The entries below contain pictures, which are to be left out; write out exactly, and only, the lines from the line with "Junger Junge trägt" up to and including the line with "Grey quarter zip".

● **AVAILABLE DATA**:

----

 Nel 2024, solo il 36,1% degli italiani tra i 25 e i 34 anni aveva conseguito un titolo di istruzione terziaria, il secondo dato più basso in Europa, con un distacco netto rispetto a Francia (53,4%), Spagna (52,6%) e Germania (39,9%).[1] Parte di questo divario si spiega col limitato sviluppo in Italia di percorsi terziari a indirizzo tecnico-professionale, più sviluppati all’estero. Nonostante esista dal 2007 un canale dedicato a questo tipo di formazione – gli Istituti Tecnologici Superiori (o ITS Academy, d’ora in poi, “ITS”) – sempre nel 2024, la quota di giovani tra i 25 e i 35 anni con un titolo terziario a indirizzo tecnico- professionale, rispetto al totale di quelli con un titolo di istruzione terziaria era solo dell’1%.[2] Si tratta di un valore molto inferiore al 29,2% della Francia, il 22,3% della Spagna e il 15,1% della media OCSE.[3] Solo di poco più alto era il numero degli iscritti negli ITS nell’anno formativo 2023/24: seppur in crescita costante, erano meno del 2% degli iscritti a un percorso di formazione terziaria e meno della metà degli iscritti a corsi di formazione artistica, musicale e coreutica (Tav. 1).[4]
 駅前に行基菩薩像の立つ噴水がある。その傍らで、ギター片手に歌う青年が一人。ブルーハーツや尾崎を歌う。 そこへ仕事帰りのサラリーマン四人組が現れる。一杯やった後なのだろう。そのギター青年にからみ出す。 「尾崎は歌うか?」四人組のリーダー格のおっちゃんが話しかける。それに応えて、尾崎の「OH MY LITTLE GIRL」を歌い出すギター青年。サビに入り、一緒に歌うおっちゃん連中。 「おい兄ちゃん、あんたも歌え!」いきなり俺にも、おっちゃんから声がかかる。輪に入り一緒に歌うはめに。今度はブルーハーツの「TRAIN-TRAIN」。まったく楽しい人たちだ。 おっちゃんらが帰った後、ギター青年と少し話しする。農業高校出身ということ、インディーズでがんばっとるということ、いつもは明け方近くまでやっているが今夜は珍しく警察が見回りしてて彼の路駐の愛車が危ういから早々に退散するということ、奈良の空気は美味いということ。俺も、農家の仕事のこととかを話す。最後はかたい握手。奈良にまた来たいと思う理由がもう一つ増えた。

----

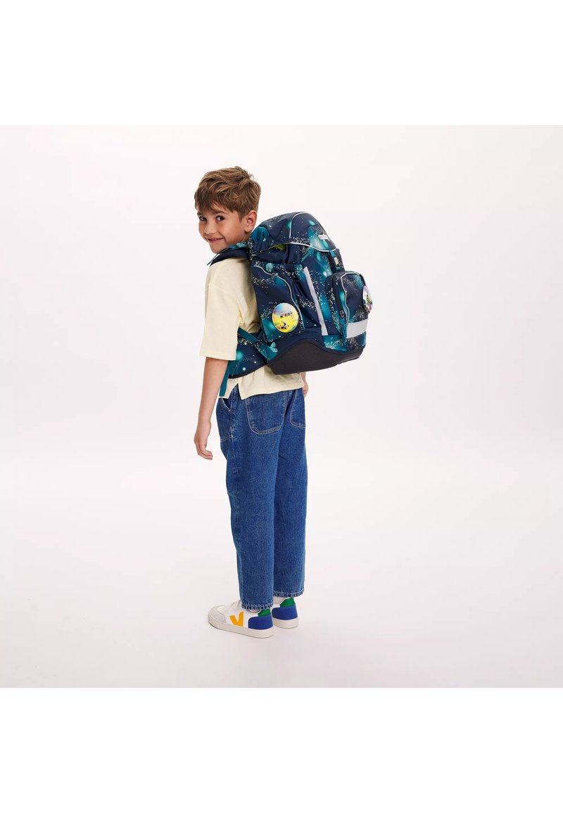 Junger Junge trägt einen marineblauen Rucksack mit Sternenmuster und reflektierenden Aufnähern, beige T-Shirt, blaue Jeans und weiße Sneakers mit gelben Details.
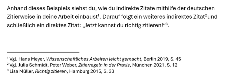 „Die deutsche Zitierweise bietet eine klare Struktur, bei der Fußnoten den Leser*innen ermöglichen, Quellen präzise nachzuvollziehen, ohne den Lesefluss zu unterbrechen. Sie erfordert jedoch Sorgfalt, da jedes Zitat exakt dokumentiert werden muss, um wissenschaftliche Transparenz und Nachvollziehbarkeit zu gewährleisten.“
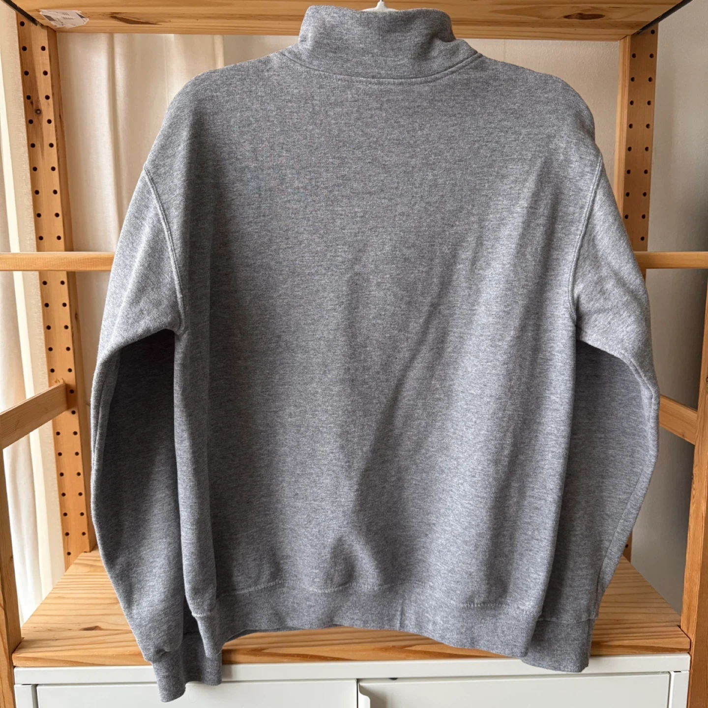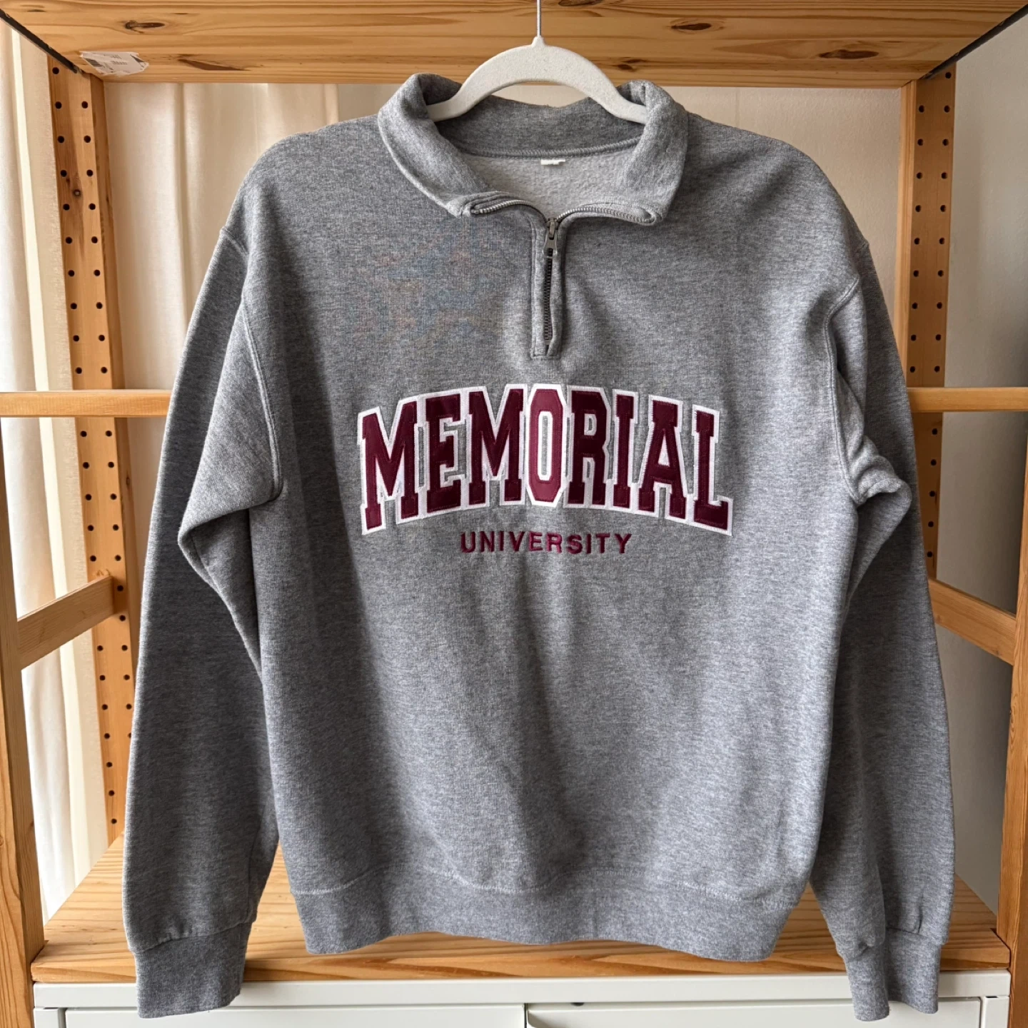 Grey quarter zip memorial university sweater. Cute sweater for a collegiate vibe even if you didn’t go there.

----

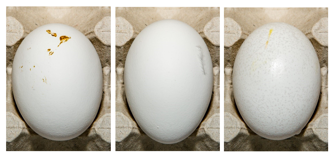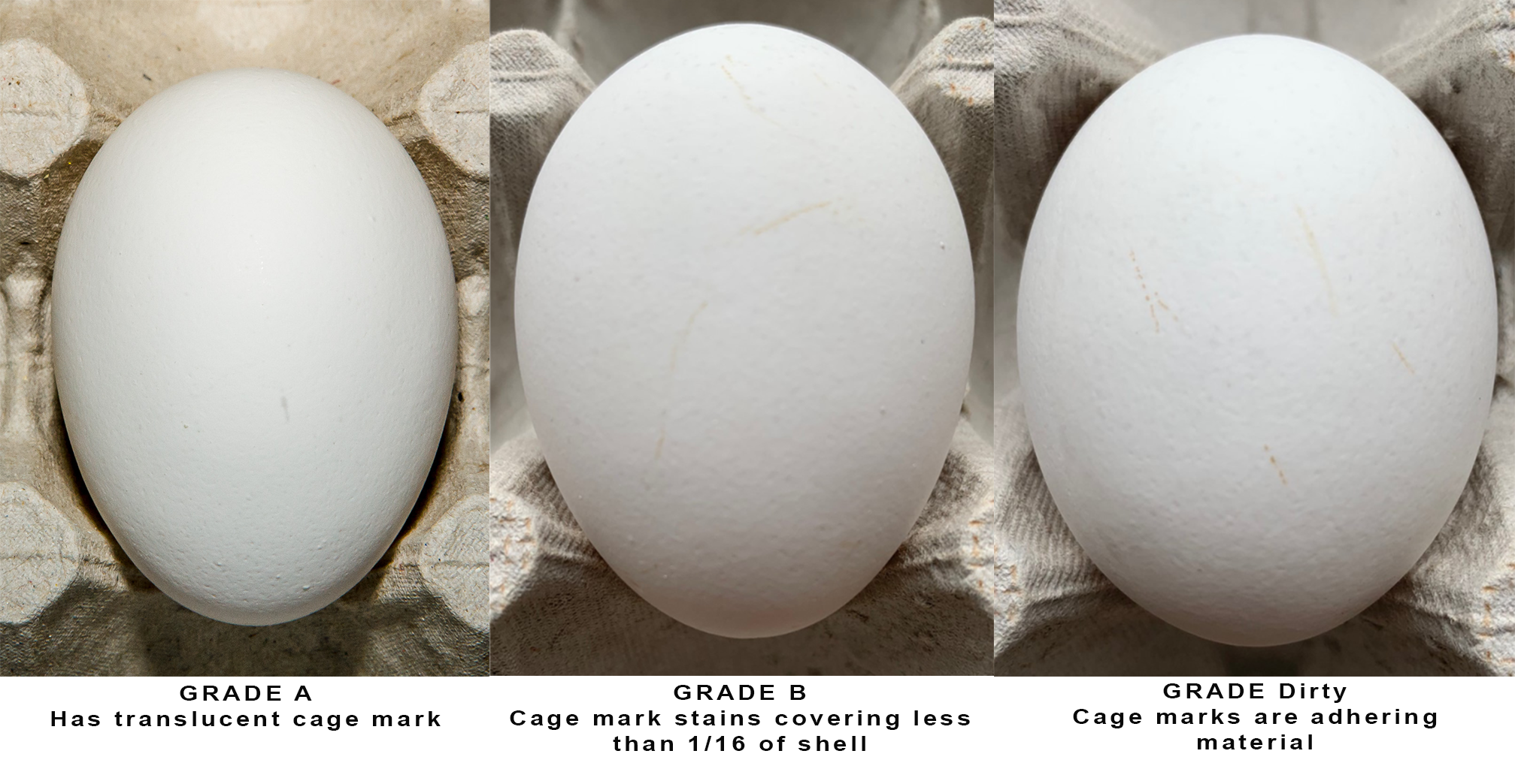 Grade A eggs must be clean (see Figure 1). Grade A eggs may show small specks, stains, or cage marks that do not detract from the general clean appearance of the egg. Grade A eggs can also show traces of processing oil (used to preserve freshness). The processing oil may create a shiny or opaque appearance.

----

● **SOLUTION FOR THIS EXERCISE**:
 Junger Junge trägt einen marineblauen Rucksack mit Sternenmuster und reflektierenden Aufnähern, beige T-Shirt, blaue Jeans und weiße Sneakers mit gelben Details.
 „Die deutsche Zitierweise bietet eine klare Struktur, bei der Fußnoten den Leser*innen ermöglichen, Quellen präzise nachzuvollziehen, ohne den Lesefluss zu unterbrechen. Sie erfordert jedoch Sorgfalt, da jedes Zitat exakt dokumentiert werden muss, um wissenschaftliche Transparenz und Nachvollziehbarkeit zu gewährleisten.“
 Grey quarter zip memorial university sweater. Cute sweater for a collegiate vibe even if you didn’t go there.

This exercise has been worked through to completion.